James Robert Provett (born 22 December 1982) is an English former footballer who played as a goalkeeper in the Football League for Hartlepool United and Bury.

Playing career
Jim Provett came through Hartlepool United's youth development programme, the same programme that developed players such as Adam Boyd and Antony Sweeney. It was there where he developed into a good shot-stopper and he was offered a professional contract by the then manager Chris Turner in 2001. Provett's professional contract saw the departure of Martin Hollund who was released.

In 2002, Provett made his debut against Tranmere Rovers in the Football League Trophy. However, during his debut he conceded five goals. For the remainder of the season Provett struggled to dislodge Anthony Williams who played in all of Hartlepool's league games.

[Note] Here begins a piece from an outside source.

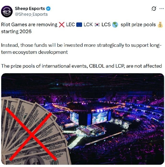 这里所说的比赛奖金取消是拳头在前不久刚刚官宣的一件事,大致的内容就是除了LPL赛区之外,拳头2026年将取消全球收入共享池(GRP)的分赛区奖金池;这一点在LCK赛区的最新规则手册中也有提到,不过LCK仍保留了常规奖项(比如一阵选手,联赛MVP等)但不见奖金。

During the following 2003–04 season Provett was handed his opportunity to impress in the League Cup against Sheffield Wednesday. During this match he made a save during a penalty shoot out to win Hartlepool the match. He kept his place in the team for the remainder of the season and was named the Hartlepool's Players' Player and Fans' Player of the Season.

For the start of the 2004–05 season Provett was given the number one goalkeepers shirt. He started the first few games of the season but soon faced stiff competition from Dimitrious Konstantopolous who eventually overtook him as Hartlepool's first choice keeper. As the season approached its final quarter Provett handed in a transfer request due to lack of first team appearances. However, he withdrew this request the week before Hartlepool played the second leg of the play-off semi-final.

After failing to make the first team for the following two seasons, Provett stalled on a new contract. However, before he resigned Hartlepool withdrew their offer and he left the club. In July 2007, he joined Bury on trial. After passing a medical, Provett joined Bury and was their new number one keeper. He was released by Bury FC after making 41 appearances for the club at the end of the 2007–08 season.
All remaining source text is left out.